** Opening Provided information block **
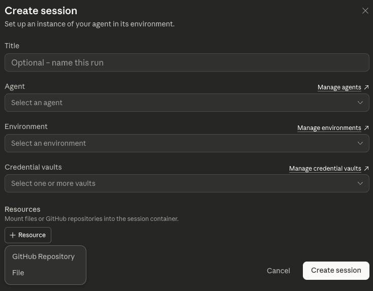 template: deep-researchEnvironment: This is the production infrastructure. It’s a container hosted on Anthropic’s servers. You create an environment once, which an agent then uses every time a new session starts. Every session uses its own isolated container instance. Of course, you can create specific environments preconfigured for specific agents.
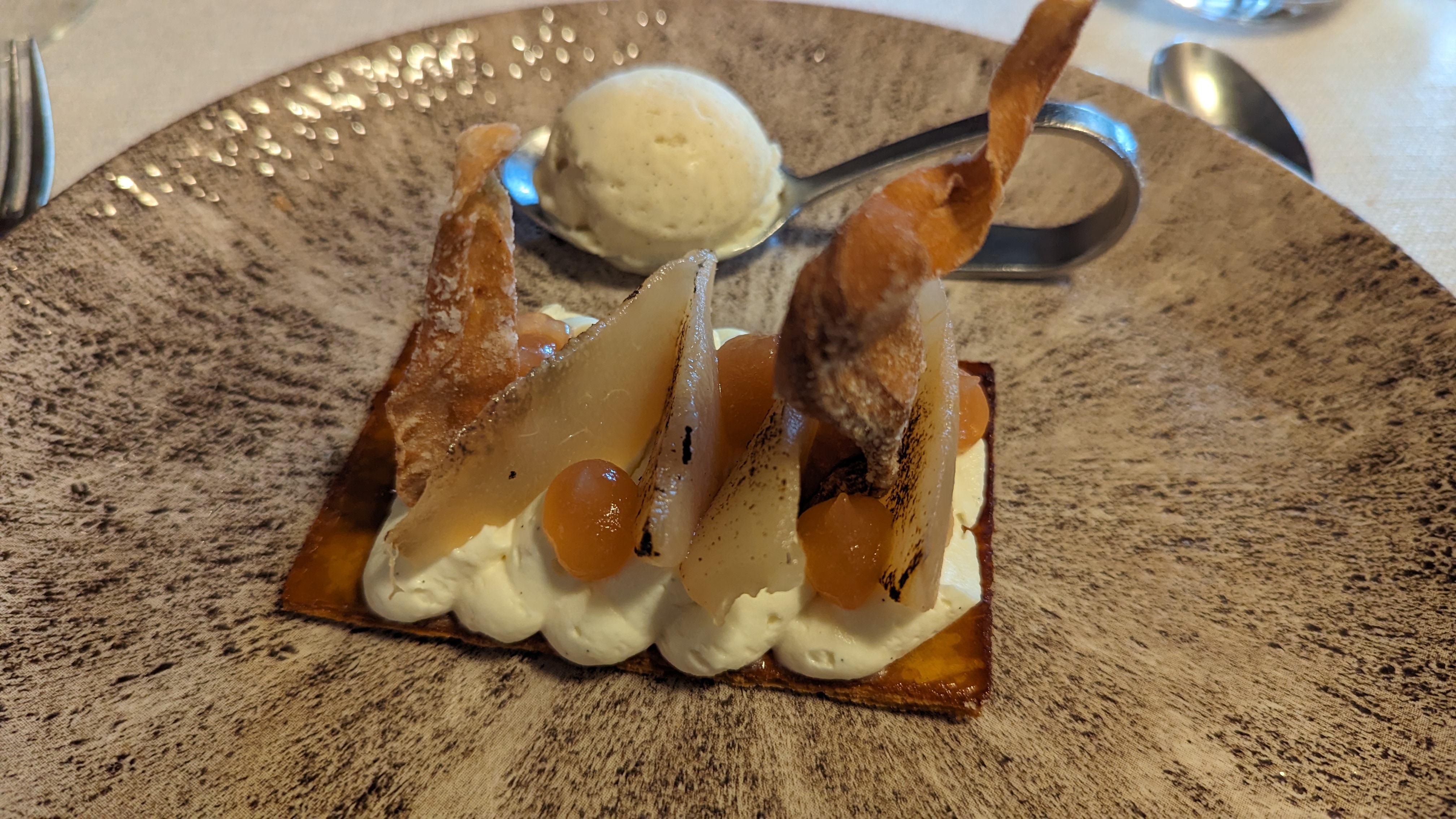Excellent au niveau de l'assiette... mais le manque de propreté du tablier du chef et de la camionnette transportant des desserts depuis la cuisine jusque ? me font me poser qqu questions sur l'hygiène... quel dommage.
** Closing Provided information block **
** Opening Provided information block **
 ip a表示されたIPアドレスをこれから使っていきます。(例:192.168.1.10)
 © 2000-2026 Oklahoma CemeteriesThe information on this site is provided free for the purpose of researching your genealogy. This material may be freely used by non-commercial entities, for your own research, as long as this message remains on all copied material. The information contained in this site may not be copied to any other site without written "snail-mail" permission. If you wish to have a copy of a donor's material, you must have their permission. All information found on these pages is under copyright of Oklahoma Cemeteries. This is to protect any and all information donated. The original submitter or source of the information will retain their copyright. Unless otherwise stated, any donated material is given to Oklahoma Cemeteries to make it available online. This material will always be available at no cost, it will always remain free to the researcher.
** Closing Provided information block **
About this task> Please repeat, exactly as written, the lines in the records above, starting with the one that has "template: deep-researchEnvironment: This" and going on through the one that has "Excellent au niveau". Pictures are to be left out.

Exercise solution>
 template: deep-researchEnvironment: This is the production infrastructure. It’s a container hosted on Anthropic’s servers. You create an environment once, which an agent then uses every time a new session starts. Every session uses its own isolated container instance. Of course, you can create specific environments preconfigured for specific agents.
Excellent au niveau de l'assiette... mais le manque de propreté du tablier du chef et de la camionnette transportant des desserts depuis la cuisine jusque ? me font me poser qqu questions sur l'hygiène... quel dommage.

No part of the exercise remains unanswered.